While the outcome of such analysis can clearly add value to the quality of a firm’s execution, it is a significant step change for those firms that have not previously engaged in alpha profiling. Trading desks need not only to devise a clear framework for the way in which they will profile and bracket particular order types, but they also need to keep on top of large amounts of data to ensure that the process remains up-to-date and effective.
“Alpha profiling can allow you to look at all of your historical orders and determine what would have been the best way to execute them”
Mark Northwood, Bips Global
“True best execution requires perfect foresight, which predicts other parties’ orders and intentions, and how others will respond to your chosen placement strategy. This is neither possible nor or legal, but the next best thing is perfect hindsight. Alpha profiling can allow you to look at all of your historical orders and determine what would have been the best way to execute them if you had had the benefit of foresight,” says Northwood.
Technological advances and the increasing depth of available data may well be the catalysts that have led to more sophisticated alpha profiling techniques, but most market participants agree that the physical amalgamation of the trading and portfolio management functions is equally critical.
De Rose believes there is still a fundamental cultural separation between portfolio management and trading that has yet to be overcome in the majority of firms. In larger institutions, individual portfolio managers may not even be known to the trading desk, and even where they are known, the messages that pass between the two teams often tend to be sanitised and impersonal.
“Effective analysis should go much deeper than just looking at historical performance.
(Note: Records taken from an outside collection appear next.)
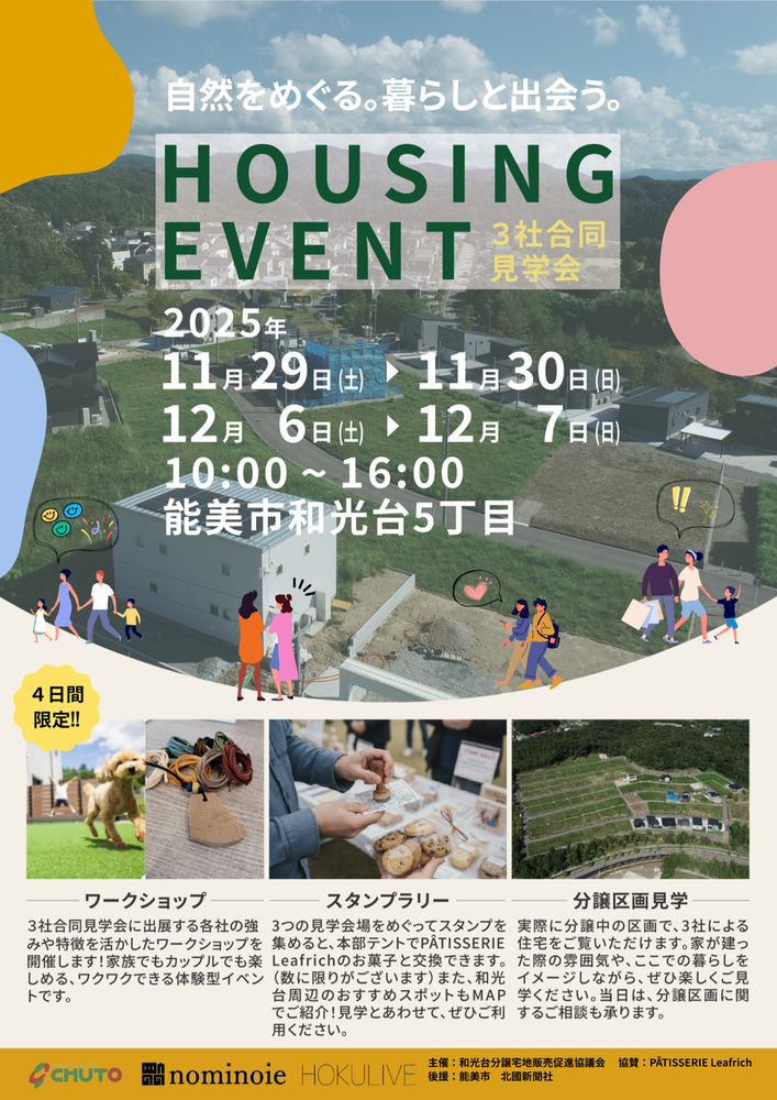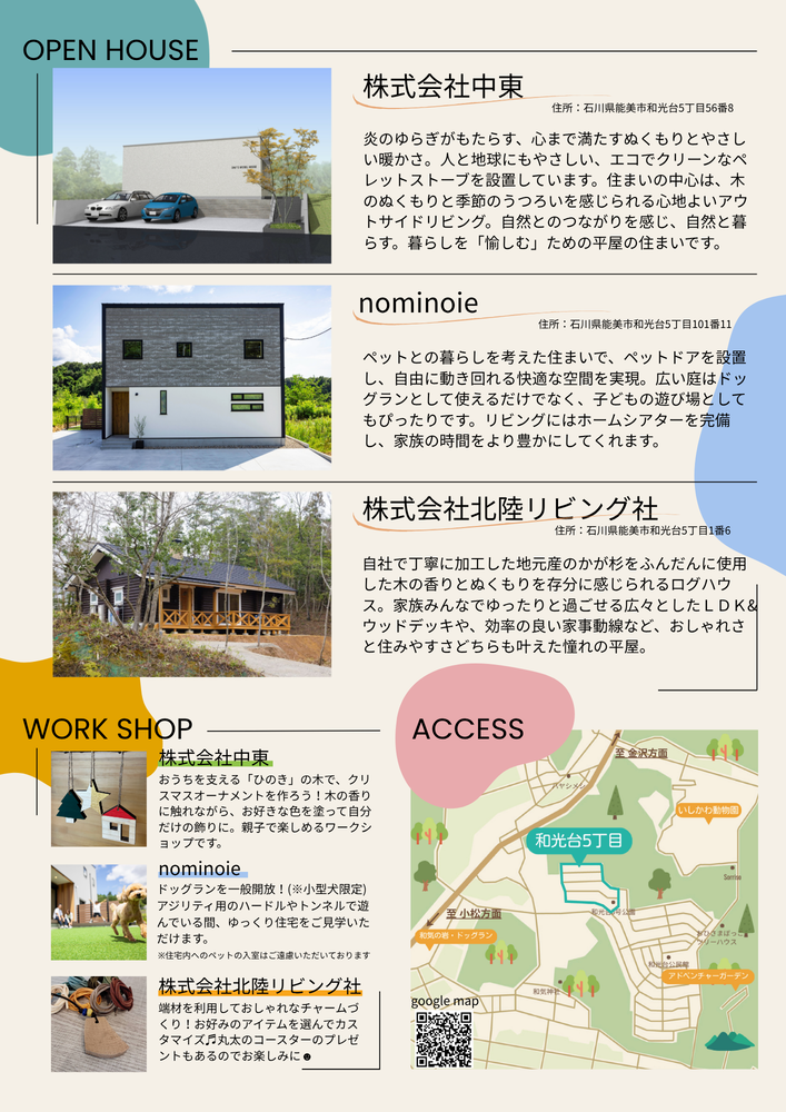 3つのお家を同時に見られるチャンスです♪中東会場ではペレットストーブ・バレルサウナをご体感頂けます。クリスマスオーナメント作りのワークショップも開催しますのでぜひ遊びに来てください!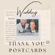 Script Lettering Heart Tales Wedding Photo Thank You Postcard With Personal Message & Return Address. This customizable modern photo card expresses gratitude to your guests for their presence and gifts. Just add your favorite wedding picture. You can change the colors and fonts OR leave the thank you message template section blank to handwrite.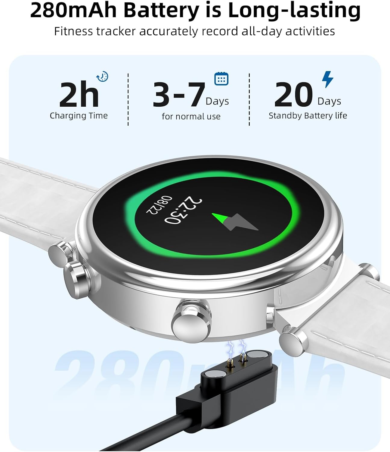 ⌚【Long Battery Life and Compatibility】This women’s smart watch is designed with low-power consumption chip and large-capacity battery. The battery capacity is 280mAh and the standby time is more than 20 days. A 2-hour charge can last up to 3-7 days. Our smartwatches are compatible with Android (A6.0+ and above) and iOS (11+ and above).
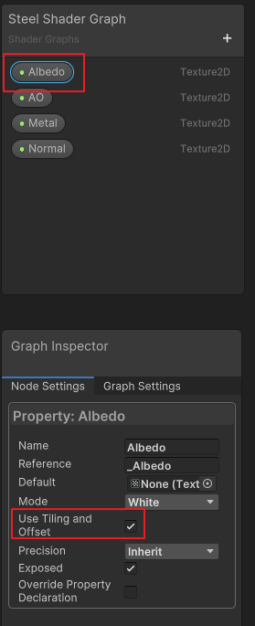 특히 요번엔 새로 생긴 기능! UV 타일링과 옵셋 컨트롤 기능을 넣어 봅시다. 단순해요.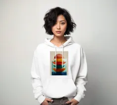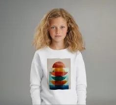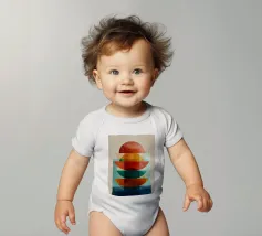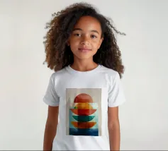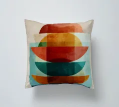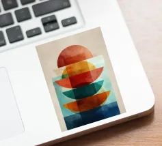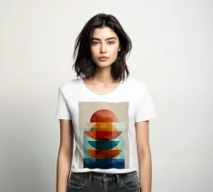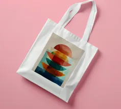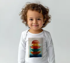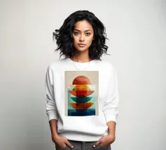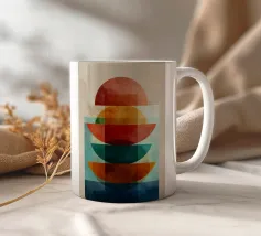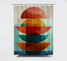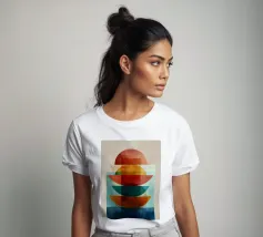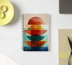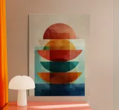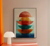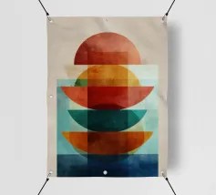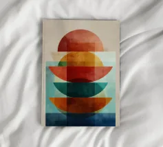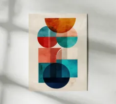 Una serena esplorazione della simmetria e dell'armonia dei colori. Quest'opera d'arte astratta e geometrica sovrappone forme semicircolari in ricche tonalità di terracotta, ocra, verde acqua e blu notte, simboleggiando equilibrio e unità. La composizione pulita e la calda palette minimalista evocano un'atmosfera moderna ma senza tempo, ideale per interni che abbracciano la semplicità, la struttura e la calma raffinatezza.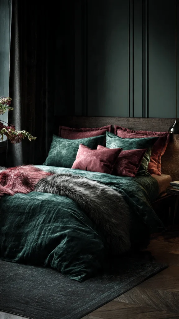 Don’t limit plush textures to velvet. Faux fur throws, chenille blankets, and tufted ottomans all contribute to that sink-into-it comfort that makes moody boho bedrooms so inviting. These tactile elements balance the visual drama of dark walls with physical coziness.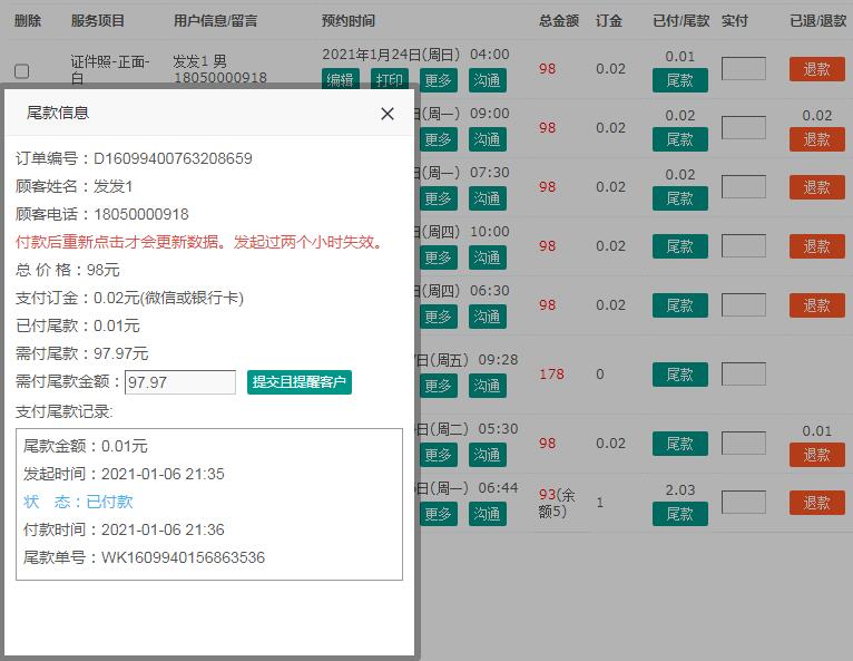本次更新了以下功能: 一、新增了支付尾款的功能,流程:員工在后臺提交顧客支付尾款——顧客收到公眾號提醒點擊進去,自動彈出支付輸入密碼框付款(也可進入訂單支付)——支付成功員工收到公眾號提醒。 可設置pc端發起支付和手機端接收通知的賬號權限。 可多次發起尾款支付。 二、優化了首頁樣式5中的列表樣式,可隨意設置列數。 三、優化拼團模塊的后臺并改成可多次退款。 四、套餐新增預約不可退訂金功能。這個用于促銷力度大,客戶取消預約不退訂金,前端和訂單處也做了提示用戶。如有客戶做活動已排期到四月份。 五、套餐新增可設置跳過預約時間,即不選擇檔期可下單。 六、充值有禮新增可增送物品之類,訂單新增三個字段:是否領取、領取時間、備注事項。 七、新增設置底片默認保留時長和手動批量刪除功能,不設置即長期保存。 |
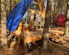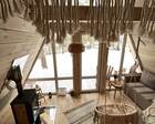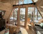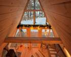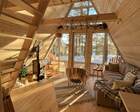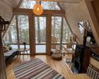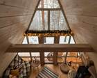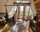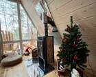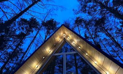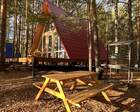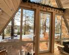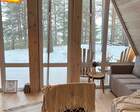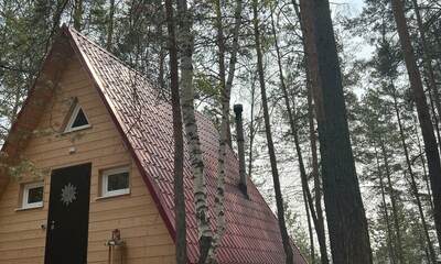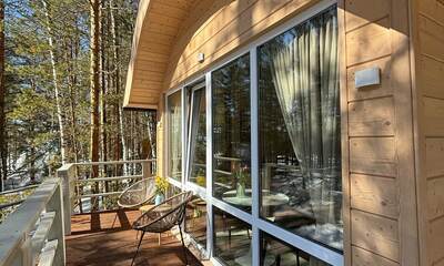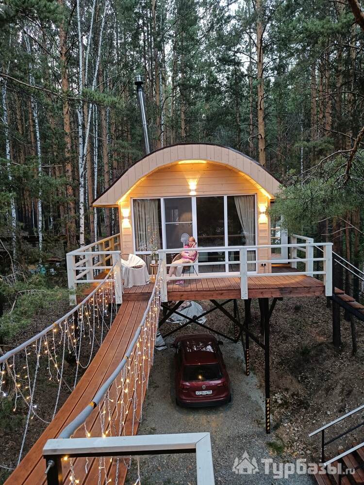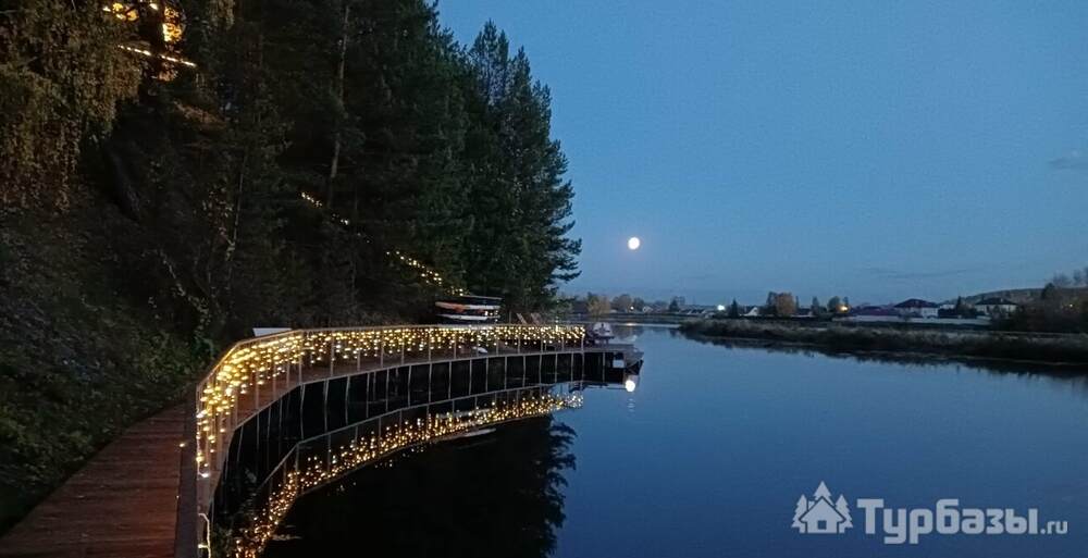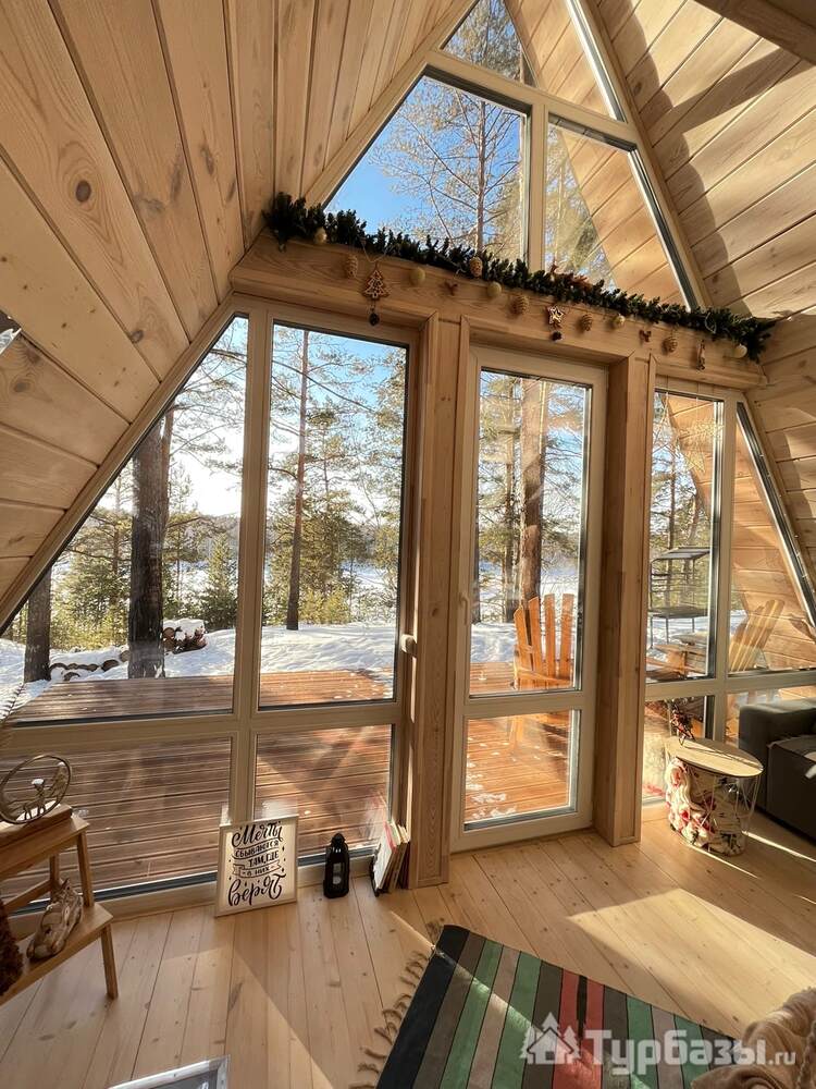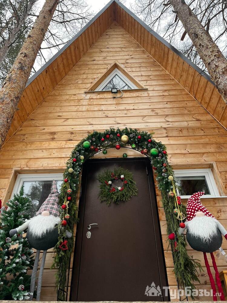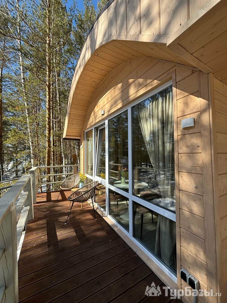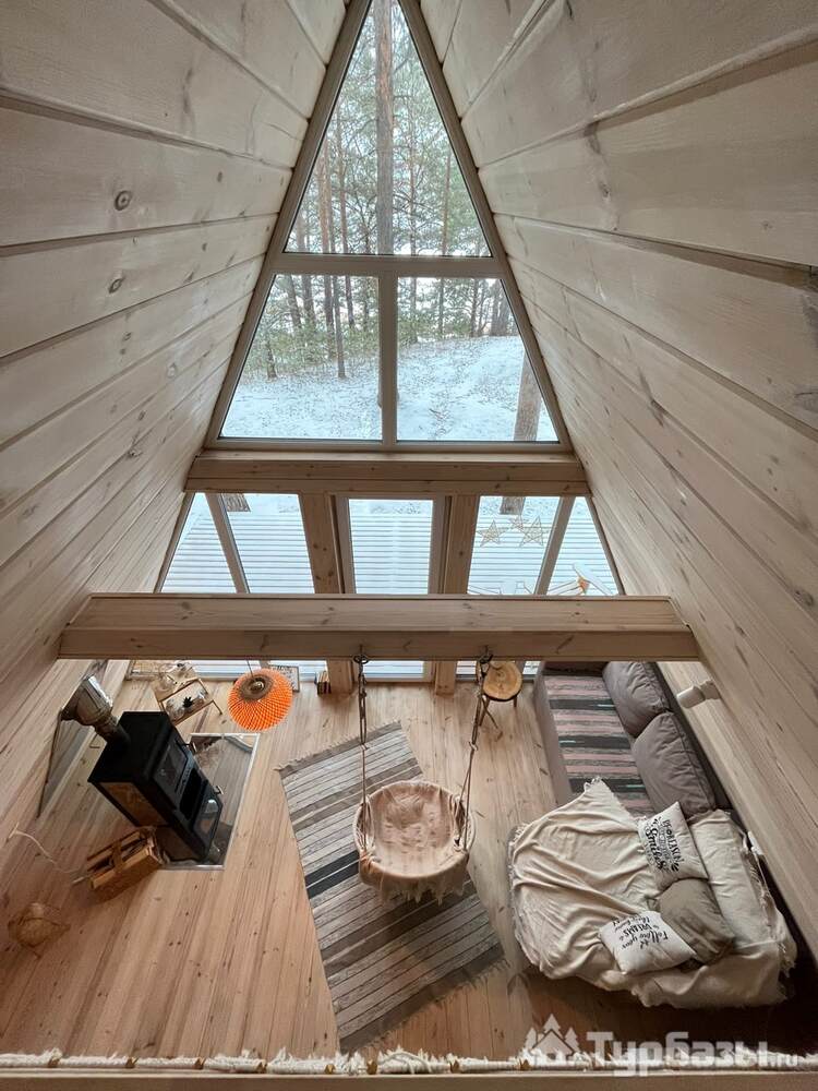 На территории — тёплые деревянные домики A-frame/барн-формата с верандами, общие и частные мангальные площадки, банный модуль и причал для купания и лодок. В домиках обычно есть базовый набор удобств (постель, отопление, мини-кухня в зависимости от типа).

The real narrative that traders need is around who sent the order and why, what strategy is being pursued, and is this trade part of a broader strategy? This information is often not passed on, but it is crucial to achieving the best result,” says De Rose.
“There is definitely a gap in understanding of the portfolio manager’s thinking behaviour,” he adds. “If there is a system that can scientifically address that issue, encapsulating it into meaningful advice for the trader at the point of receiving the order, then we would be light years ahead of where we are now.”
While there may well be some way to go before effective alpha profiling is deployed across the industry, the most compelling proof of its value comes from those firms that are already using it. Janus Henderson’s Royal tells of one broker that had been a top counterparty but the broker scorecard showed its performance had diminished over time. After some back-and-forth dialogue between the two firms, Royal pulled all of the broker’s teams into a meeting to discuss the key issues, which ultimately led to major improvements.
“They pulled all of their resources and dug deep into the system to identify the key issues. They worked on changing some of the logic that had been built into the system over the years and now it’s a much better product and they have moved back to number one or two spot for us,” says Royal.
“I believe they have seen similar feedback from other clients that there has been an improvement in performance across the platform. This was a great example of how the broker scorecard can lead excellent outcomes for both parties.”